Assessment of tumor cell invasion using confocal microscopy
The tumor cell invasion was followed using a Nikon Eclipse TE2000-E inverted confocal microscope with perfect focus system one hour after implantation as well as three and six days after implantation. The software EZ-C1 (Nikon) was used for obtaining confocal z-stacks. Images were taken every 20 μm down through the co-culture, visualizing invasive tumor cells in the individual layers (Figure 1A-E). The images in the z-stack were superimposed into one image (Figure 1F). Hereafter the total tumor cell invasion was assessed using the program EZ-C-1 FreeViewer (Nikon). Invasive tumor cells were counted in a zone of 200 μm around the spheroid, and the diameter of the spheroids was estimated (Figure 2).
Figure 1.
Tumor cell invasion was followed over time using confocal microscopy. Images were taken every 20 μm down through the co-culture, visualizing invasive tumor cells in the individual layers (A-E).
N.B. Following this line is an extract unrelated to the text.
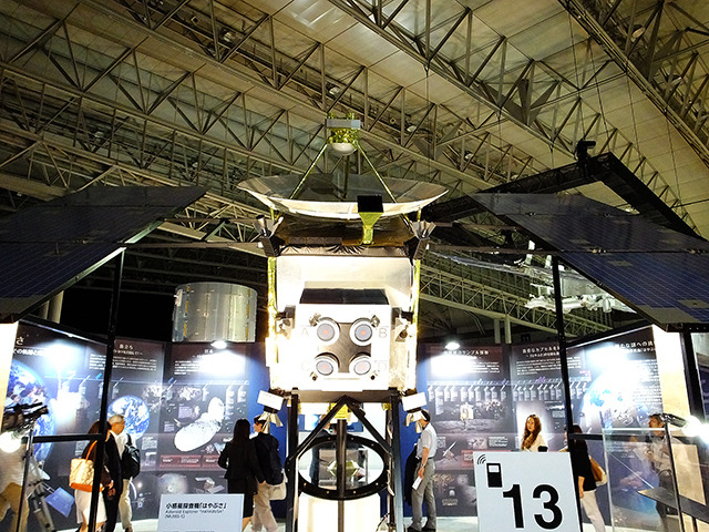 「SPACE EXPO 宇宙博 2014 NASA・JAXAの挑戦」(千葉・幕張メッセ、7月19日~9月23日)では、太陽電池パドルを左右に備えた大小2種類のモデルが展示されている。国際宇宙ステーション(ISS)と小惑星探査機「はやぶさ」だ。
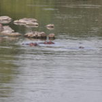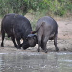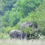Man kann sich das Fahren durch den Park so ähnlich vorstellen wie ein Spaziergang in der Masoalahalle. Wenn man zügig durchgeht sieht man nichts, ausser es hat irgendwo ein Tier am Weg, dann hat es eine riesen Traube von Besuchern die den Weg versperren. Bewegt man sich jedoch langsam und macht ab und zu eine Pause sieht man jede Menge kleine und grössere Tiere. Das selbe gilt im Park. Auf den Teerstrassen sieht man einige Tiere, aber je langsamer man fährt, desto grösser die Chance, dass man etwas sieht. Ausserdem wird man extrem müde wenn man während Stunden konzentriert in den Busch starrt um Tiere zu finden. Wir hatten uns deshalb auf die Schotterpisten konzentriert und sind meist so zwischen 10 und 30 km/h gefahren. Bei jedem Wasserloch und Aussichtspunkt sind wir kurz rausgefahren und haben uns umgeschaut. Oftmals sind zwar Wasserlöcher eingezeichnet, sie führen aber nicht unbedingt Wasser. Welche Löcher Wasser führen scheint von den “Regenmustern” abzuhängen, welche sich ändern. Es braucht eine Weile bis man weiss wo man auf was achten muss, dass man die Tiere sieht. Ausserdem kann es eine Frage von ein paar Minuten sein ob man Tiere sieht oder nicht. Die grosse Elefantenherde braucht nicht lange um die Strasse zu überqueren, ist enorm eindrücklich, aber unsichtbar sobald sie hinter den Büschen und Bäumen verschwindet. Dasselbe gilt für die Wasserbüffel am Wasserloch. Sie beiben vielleicht eine Viertelstunde dort und verschwinden dann wieder im Busch.

When investigating the individual images in the z-stack obtained from glioblastoma-1 at day 6, invading cells were seen in almost all layers (A-E) with only few invading cells at the top (A) and at the bottom (E) of the spheroids suggesting pronounced tumor cell invasion inside the brain slice cultures (B-D). The images in the z-stack were superimposed into one image (F), visualizing all invasive tumor cells. Scalebar 100 μm.
Figure 2.
The images in the confocal z-stacks were superimposed into one image, visualizing all invasive tumor cells. Hereafter the total tumor cell invasion was assessed using the program EZ-C1 FreeViewer (Nikon). Invasive tumor cells were counted in a 200 μm zone around the spheroid, and the diameter of the spheroids was estimated.
Immunohistochemistry
At the end of the experiment, the co-cultures were fixed, paraffin-embedded and sections of 3 μm were cut using a microtome. One section was used for hematoxylin eosine staining and the adjacent sections were used for immunohistochemical (IHC) staining. The IHC staining was performed on a Dako autostainer, Universal Staining System. Paraffin sections were deparaffinised and heat-induced epitope retrieval was performed in a T-EG buffer (10 mmol/L Trisbase and 0.5 mmol/L EGTA). After blocking of endogenous peroxidase using 1.5% hydrogen peroxide (H2O2), the sections were incubated for 60 minutes with antibodies against Vimentin (Nordic Biosite, 1 + 200), Ki67 (Dako, 1 + 200), Sox2 (R&D Systems, 1 + 400), Bmi-1 (Upstate, 1 + 400), and nestin (R&D Systems, 1 + 3000). Detection was performed using EnVision (Dako) and diaminobenzidine (DAB) as chromogene. CD133 staining was performed as described in Christensen et al. [37]. Finally, the sections were counterstained with Mayer’s hematoxylin and cover slips were mounted with Aquatex.
Statistical analysis
Data are expressed as mean + standard error of mean (SEM). Mean values of spheroid diameter and density of invading cells were compared using analysis of variance (ANOVA) with Bonferroni correction. Statistical analyses were performed using GraphPad Instat (GraphPad Software, San Diego, CA, USA). Differences were considered significant at P < 0.05.
Results
Invasion model
We successfully implanted spheroids from one anaplastic astrocytoma (WHO grade III) and two glioblastomas (WHO grade IV), as well as U87MG spheroids into corticostriatal brain slice cultures. Confocal z-stacks were obtained at the day of implantation as well as day three and day six after implantation (Figures 1 and 3). The images in each z-stack (Figure 1A-E) were superimposed into one image representing one spheroid (Figure 1F).
Figure 3.
The U87MG cell line-derived spheroids (A-C) and primary spheroids (D-L) were labelled with the vital fluorescent dye DiI and implanted into 4 days old brain slice cultures between the cortex and striatum into or close to the corpus callosum. The tumor cell invasion was followed using confocal microscopy at the day of implantation (A, D, G, J), after three days (B, E, H, K) and after six days (C, F, I, L). For the U87MG cell line-derived spheroids only a few fluorescent cells were detected close to the spheroid at day three (B) and day six (C). In contrast to U87MG spheroids pronounced invasion was observed for the primary spheroids derived from the anaplastic astrocytoma (E, F) and glioblastoma-2 (K, L), whereas invasion appeared to be limited for glioblastoma-1 (H, I). Scalebar 100 μm.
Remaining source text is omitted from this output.